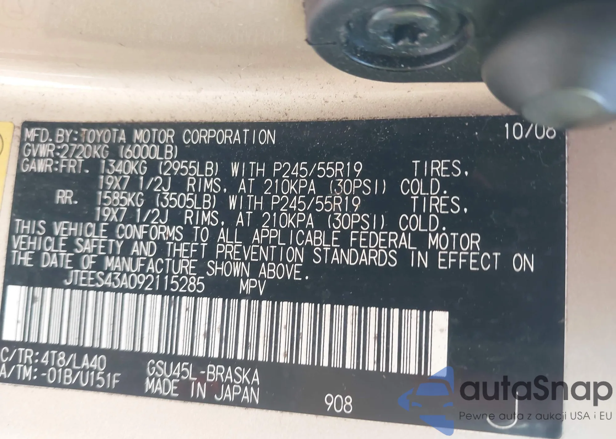 VIN: JTEES43A092115285
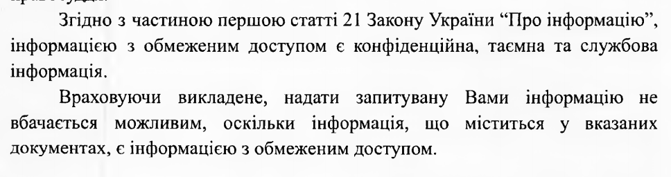 Втім і на цей запит у військовій адміністрації відповіли відмовою, зазначивши, що запитувана інформація також належить до інформації з обмеженим доступом.
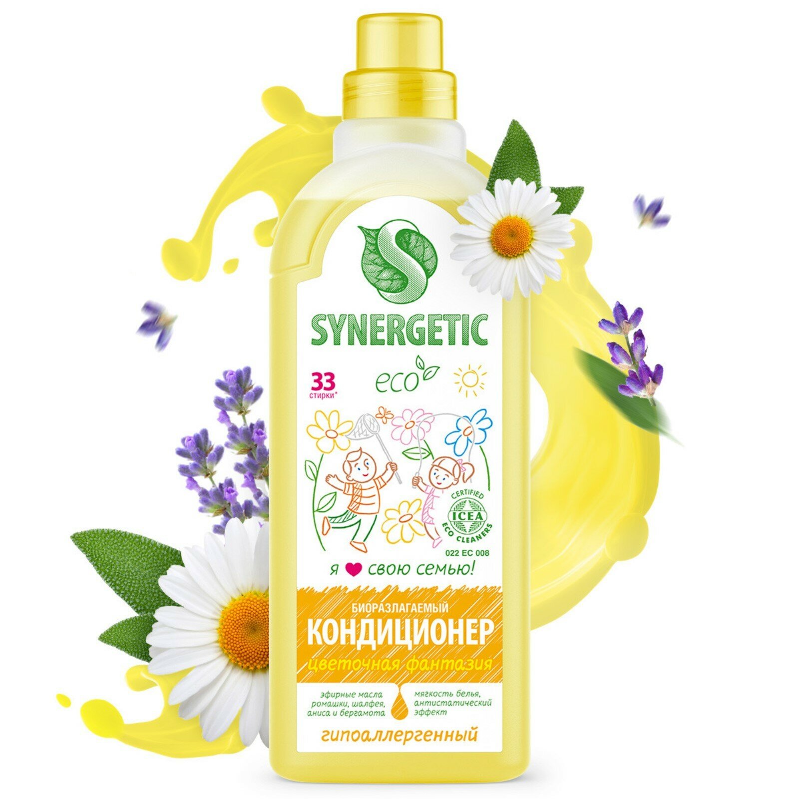 Synergetic Кондиционер для белья Synergetic "Цветочная фантазия", гипоаллергенный, 1 л
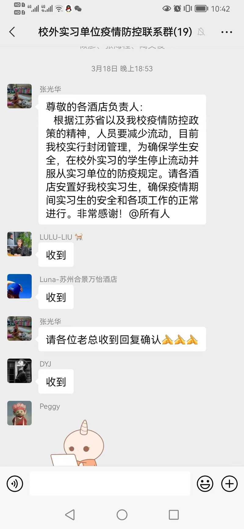 各专业系召开线上会议,传达疫情防控相关政策要求。4月8日,中文系、旅游系和酒店系分别召开了2022届员工疫情防控工作线上会议,要求在思想上高度重视防疫工作,既要遵守公司的疫情管理规定,也要服从社区防疫管理,加强自身防护;时刻绷紧疫情防控这根弦,主动纳入社区网格化管理,按要求进行核酸检测;健康码和行程码如有变化,及时上报公司辅导员和论文指导老师。

* * *

**Activity:**
Your reply should hold only the lines running from the one with "Synergetic Кондиционер для" to the end of the data above, set down exactly, pictures omitted.

**Written solution:**
 Synergetic Кондиционер для белья Synergetic "Цветочная фантазия", гипоаллергенный, 1 л
 各专业系召开线上会议,传达疫情防控相关政策要求。4月8日,中文系、旅游系和酒店系分别召开了2022届员工疫情防控工作线上会议,要求在思想上高度重视防疫工作,既要遵守公司的疫情管理规定,也要服从社区防疫管理,加强自身防护;时刻绷紧疫情防控这根弦,主动纳入社区网格化管理,按要求进行核酸检测;健康码和行程码如有变化,及时上报公司辅导员和论文指导老师。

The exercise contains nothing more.